Some have reported decreases in isopod / springtail numbers after using Sluggo, but if you reseed microfauna periodically it would be acceptable.



Other routes are "bait, catch, and remove" techniques for snails and slugs with romaine lettuce, potatoes, half orange peel, etc.

Best way to avoid is making sure plants are treated and barerooted rinsed before adding to viv so snails and slugs are not added from the beginning.


----------



## LadyKeiva (May 10, 2013)

I was recently given a gargoyle gecko viv that was INFESTED with snails from a friend of mine. Literally snails on every surface that I looked at. I used the "bait, catch, and remove" with romaine lettuce as mentioned above with great success. 

Put the lettuce in for 1-3 days, wait for it to get a bunch of snails, toss, and repeat.
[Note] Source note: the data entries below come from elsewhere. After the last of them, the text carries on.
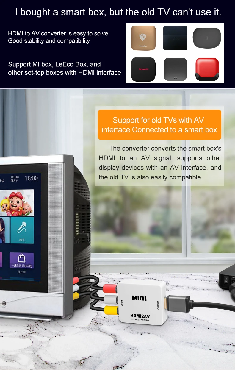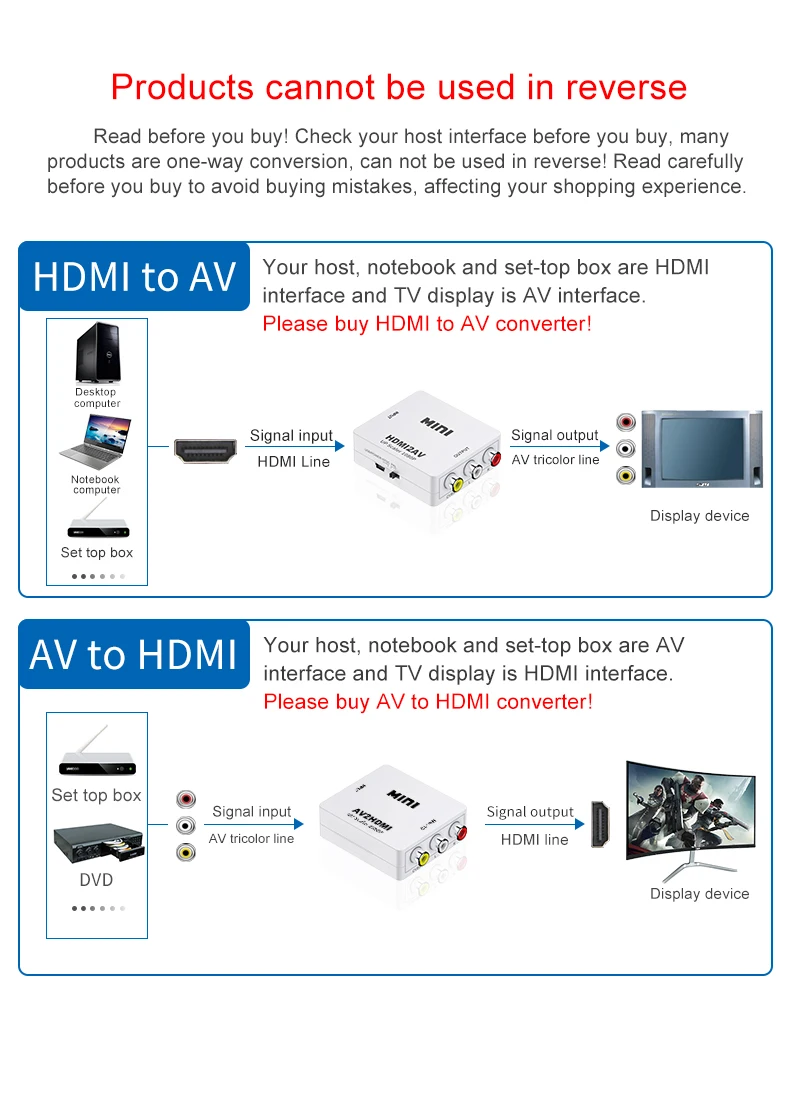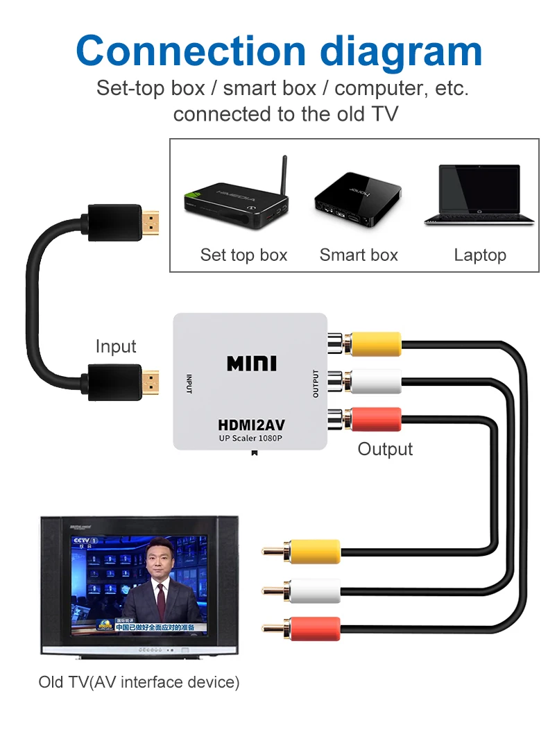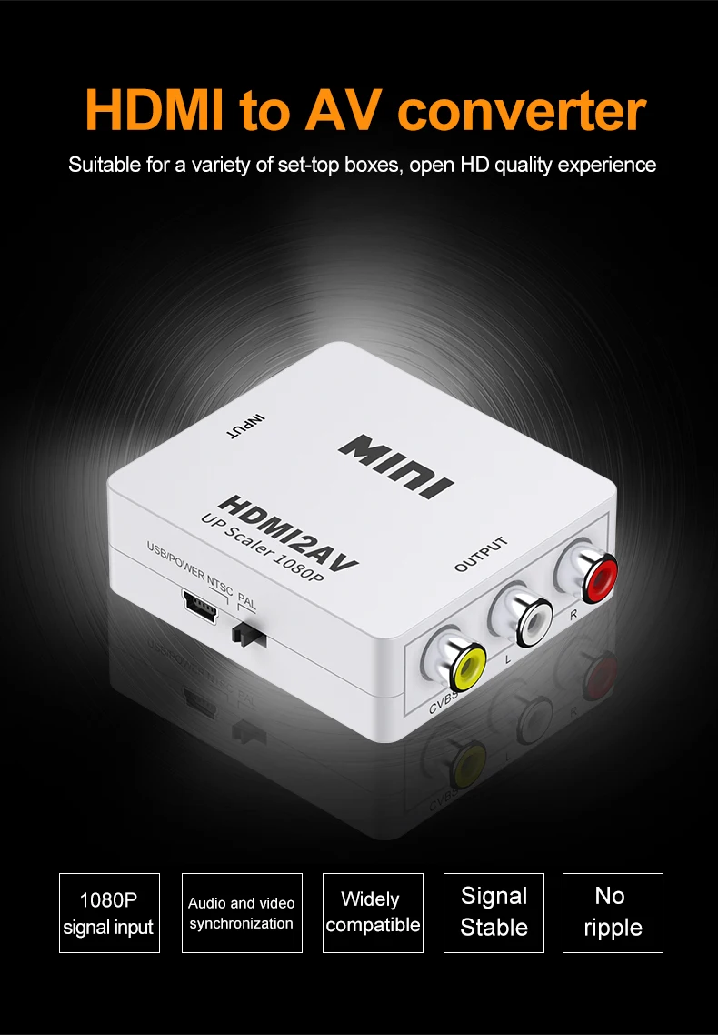 HDMI-адаптер, HD 1080P, для AV-скалера, композитный видеоконвертер, HDMI-совместим с RCA CVSB LR Video Mini HDMI2AV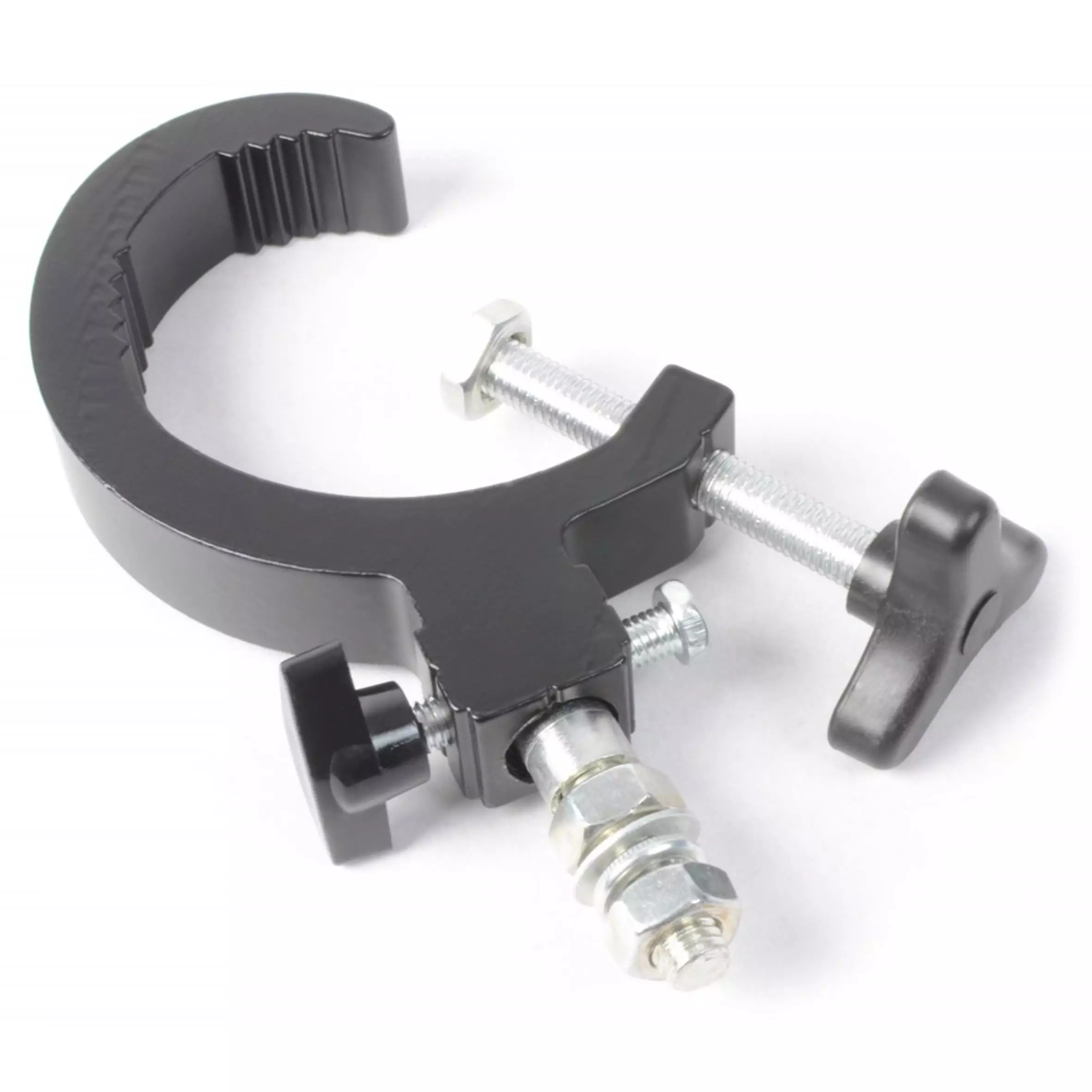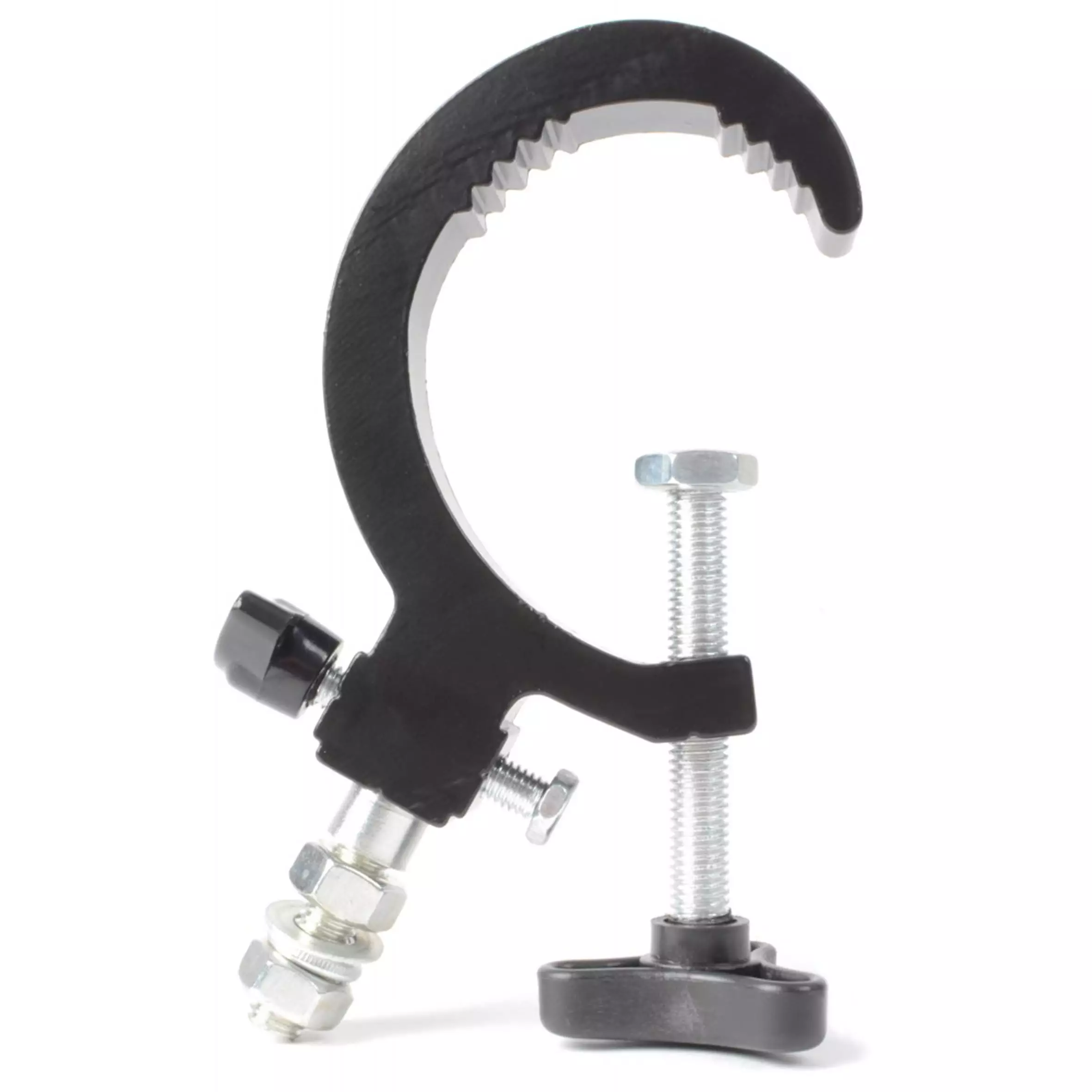 Special sturdy screw clamp for light effects. “G” shaped for universal applications. The “G” clamp can hold a maximum of 50kg in weight, perfect for almost any light unit. Fits on poles of 30-60mm diameter.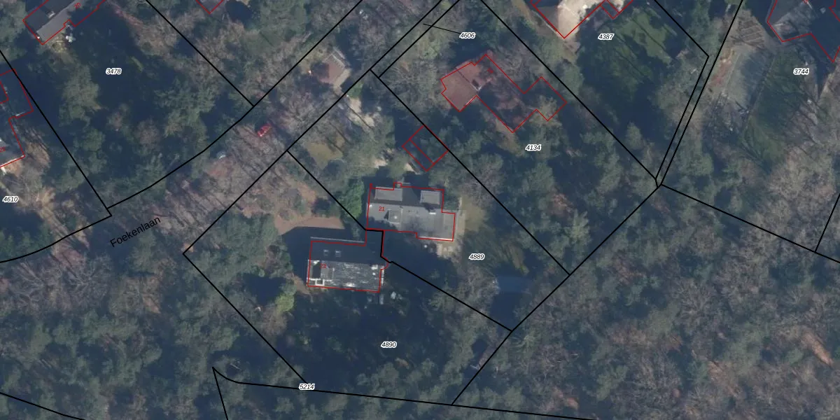 Foekenlaan 21 is gelegen op kadastraal perceel SOE00D4889. Deze kadastrale aanduiding is uniek en wordt gebruikt door het Kadaster om eigendomsrechten en andere zakelijke rechten vast te leggen. Het perceel maakt onderdeel uit van de kadastrale gemeente Soest.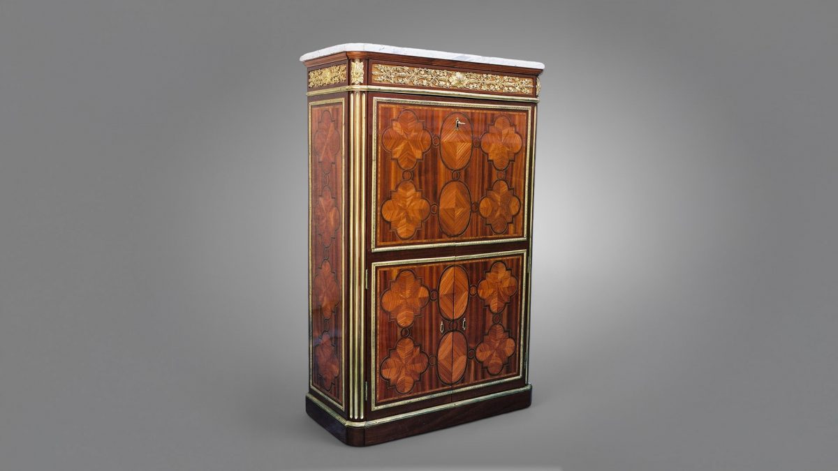 Chef-d’œuvre de l’ébénisterie française, ce secrétaire Louis XVI estampillé Leleu a bénéficié d’une restauration respectueuse de son histoire. La marqueterie, signature du style Louis XVI, a été restaurée selon les techniques d’époque. L’intervention préserve le raffinement des motifs et la délicatesse des assemblages caractéristiques du travail de Leleu, maître ébéniste reconnu pour la finesse de ses créations.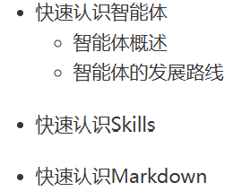 - 快速认识智能体 - 智能体概述 - 智能体的发展路线 * 快速认识Skills + 快速认识Markdown |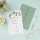 Modern Eucalyptus Wedding Program. A great value PAPER (not card) alternative and at a budget price. The main header is in a stylish set script and the rest of the text you can easily personalize. An elegant branch of eucalyptus leaves runs across the top. You can change the text and background colors if you wish to match your wedding color theme via the Customize Further option as well as other editing you may require. If you need any assistance with your editing of this design, please message me.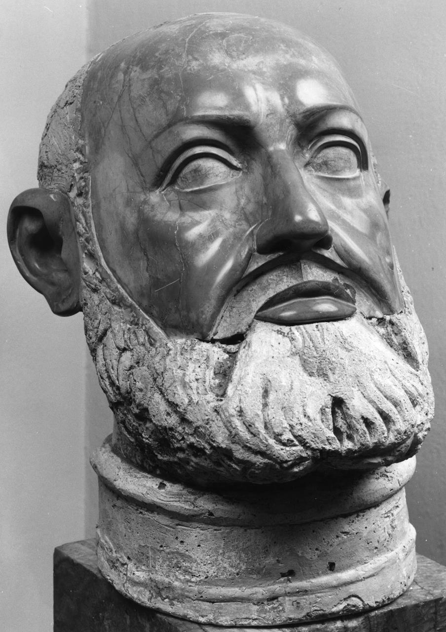 - NOTIZIE STORICO CRITICHE L’attribuzione della scultura al Buontalenti si deve a ricerche di Piero Sanpaolesi, che la identificò con un lavoro incompiuto del grande artista che si trovava in casa sua al momento della sua morte. Pochi giorni prima di questo evento, il 28 maggio 1608, veniva infatti compilato un inventario dei suoi oggetti e delle sue opere, fra cui venivano trovati vari disegni e progetti preparati dal Buontalenti per la Cappella dei Principi. Tra le cose citate c’è il modello di un busto e testa del Granduca Cosimo fatto di stucco e “...colorito per fare di pietra e tutto fatto di pezzi per accomodarsi con le pietre… e una testa di pietra cavata dal suddetto modello a grandezza conforme a che essere alla Cappella” (A.S.F., G.M. , filza 245, c. 454). mentre del modello si è persa ogni traccia, sembra che la testa si possa identificare con questa in esame. Sempre sulla scorta di documenti reperiti dal Sanpaolesi, veniamo a sapere che il Buontalenti,ormai in tarda età, si faceva aiutare dallo scultore Lorenzo Latini, in favore del quale sono stati trovati pagamenti nel 1607. Il Sanpaolesi rileva di questa scultura “la finezza delle superfici modellate lo studio accurato per ottenere, oltre alla somiglianza anche la morbidezza della carne, come per esempio nell’orecchio”. Questo frammento è di rilevante importanza poiché suggerisce il tipo di decorazione interna proposta dal Buontalenti per la Cappella dei Principi: i sarcofaghi dei granduchi dovevano essere sormontati da monumentali statue scolpite in pietre policrome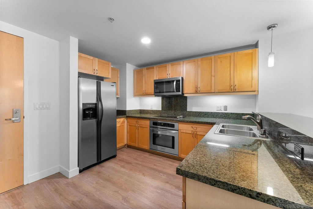 Beautiful 1 bedroom plus den/office in the Metrome building, perfectly located in the heart of East Village. This light-filled, exterior-facing unit features large windows, upgraded laminate flooring with premium carpet, a modern bathroom with stylish azure chevron tile, AC, and the convenience of an in-unit washer/dryer. The kitchen offers ample cabinet space and a breakfast bar counter, perfect for everyday living or entertaining. The versatile den is ideal as a home office, guest room, or even a second bedroom. One parking space and one storage unit are included, along with access to Metrome’s amenities such as a resident lounge, fitness center, and secure bike storage—all just steps from Petco Park, the library, and great dining options.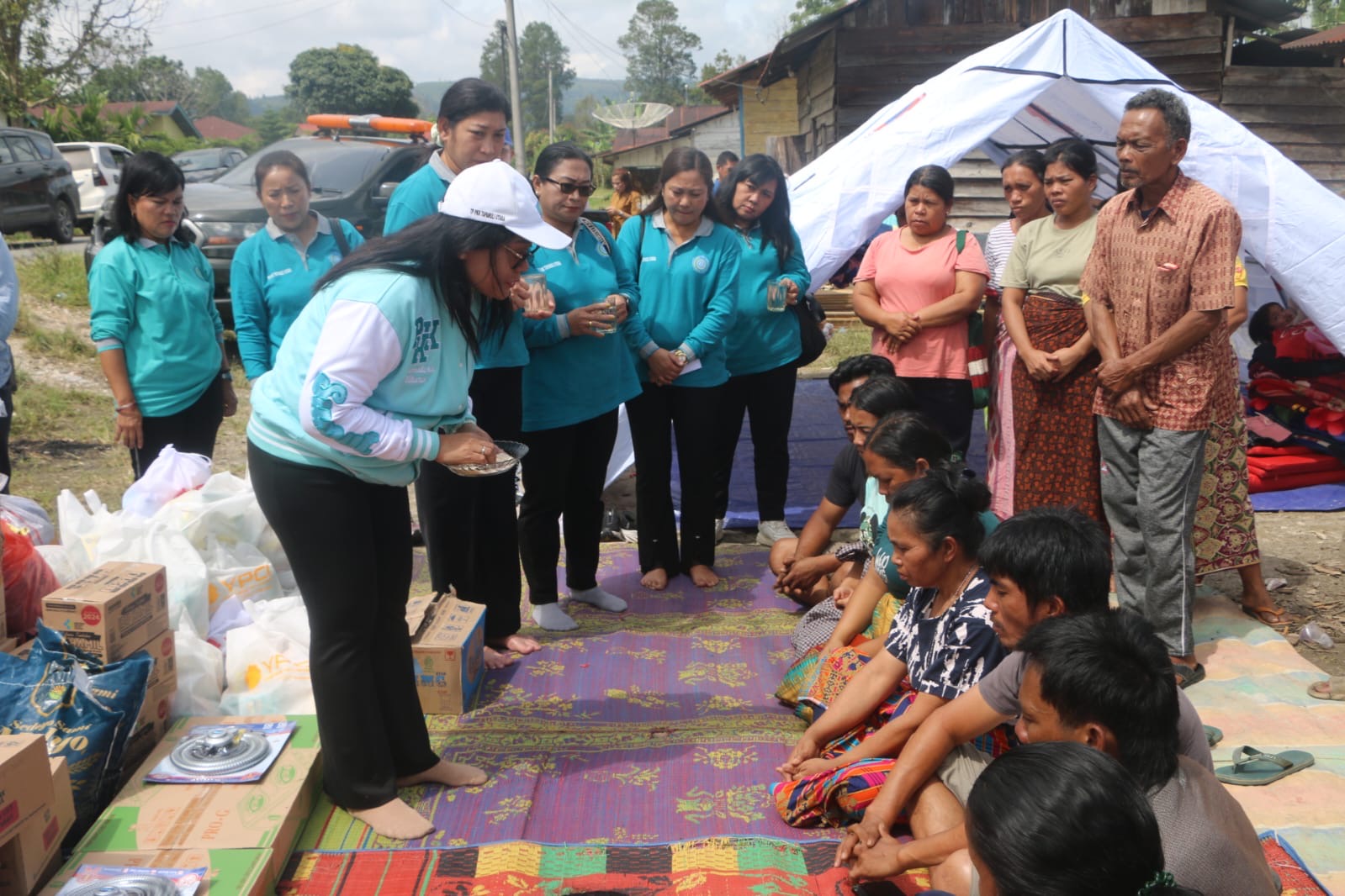 Dalam kunjungan tersebut, Ketua TP PKK Tapanuli Utara bersama rombongan menyampaikan ungkapan empati dan penghiburan kepada keluarga korban dengan memberikan boras sipir ni tondi dan aek sitiotio sebagai simbol doa agar para korban diberikan kekuatan, ketegaran, serta mampu bangkit kembali menghadapi musibah.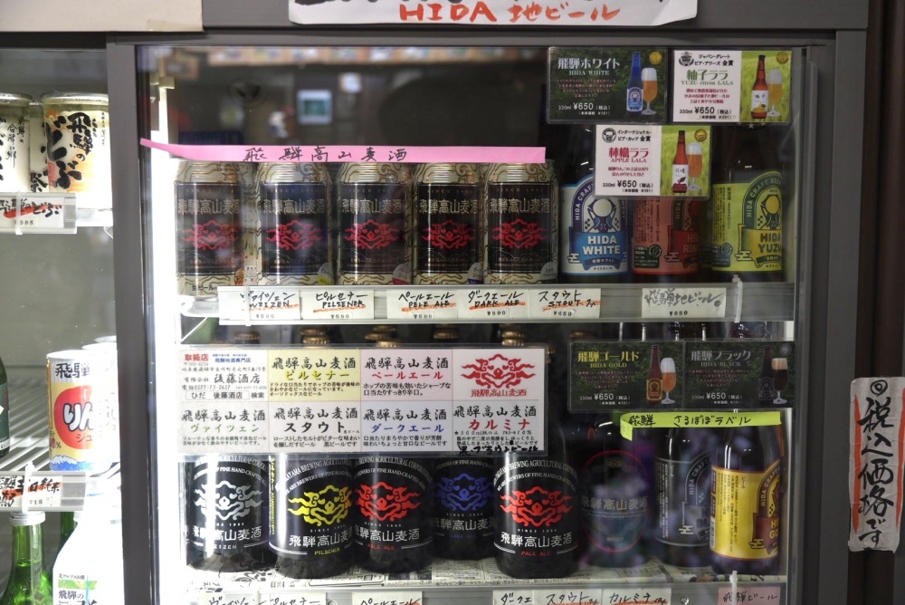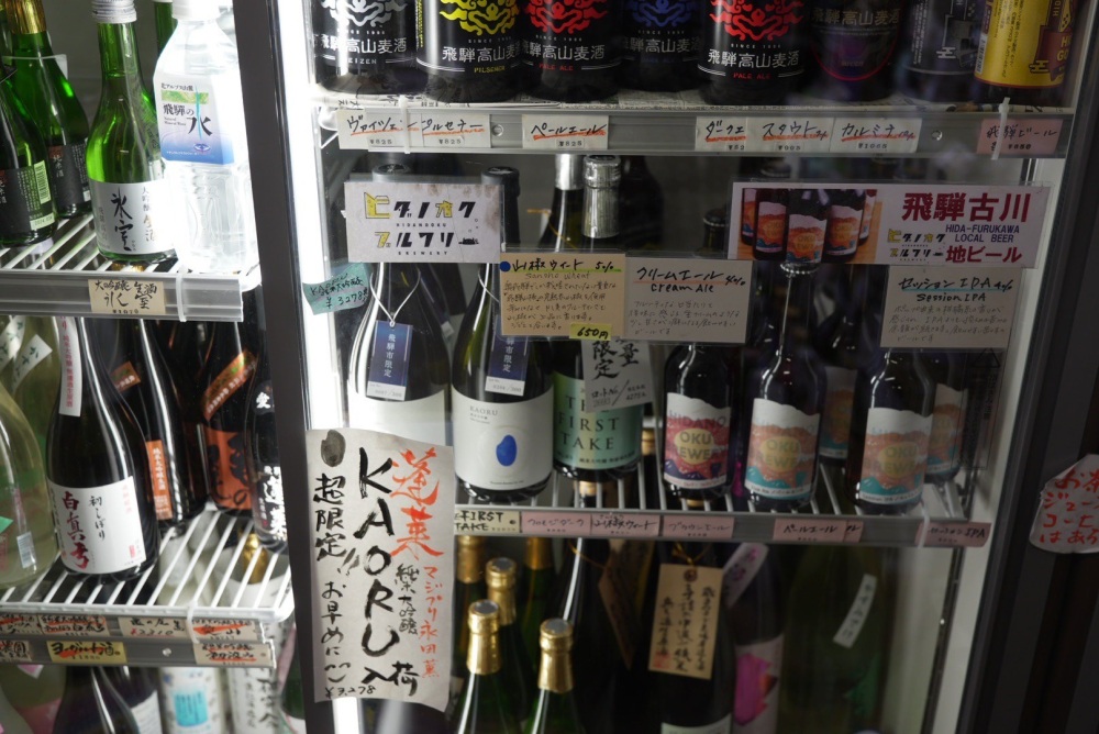 まちなかにある酒屋「後藤酒店」がすごいのは、渡辺酒造店や蒲酒造場の地酒、神岡のお酒、クラフトビールまで揃うところ。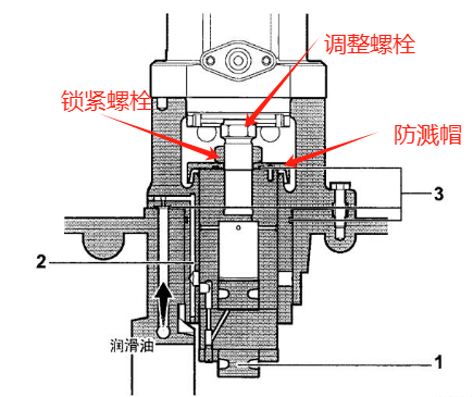 (2)使用专用工具撬动防溅帽,确认还有一定升程(目的是防止往提前角增大方向过度调整,使得柱塞偶件没有顶升空间被顶坏);

It took a few weeks, and I also knocked/wiped snails off of other surfaces as I saw them, but I no longer have a single snail in the tank. 

Its been over two months since the infestation and haven't had a sighting since.

(Was much easier to do than eradicating hundreds of Malaysian Trumpet Snails from a planted aquarium! An impossible task unless you break down the entire tank and swap out the substrate. Boy was that a pain!!)


----------



## aspidites73 (Oct 2, 2012)

from what i've seen in the readings, some specie's eggs take 100 days to mature.




LadyKeiva said:


> I was recently given a gargoyle gecko viv that was INFESTED with snails from a friend of mine. Literally snails on every surface that I looked at. I used the "bait, catch, and remove" with romaine lettuce as mentioned above with great success.
> 
> Put the lettuce in for 1-3 days, wait for it to get a bunch of snails, toss, and repeat. It took a few weeks, and I also knocked/wiped snails off of other surfaces as I saw them, but I no longer have a single snail in the tank.
> 
> ...


----------



## LadyKeiva (May 10, 2013)

aspidites73 said:


> from what i've seen in the readings, some specie's eggs take 100 days to mature.


Wow, I had no idea some take that long! Either way I did all this in November so I should be in the clear by now (quite a bit over two months then). No snail sightings.


----------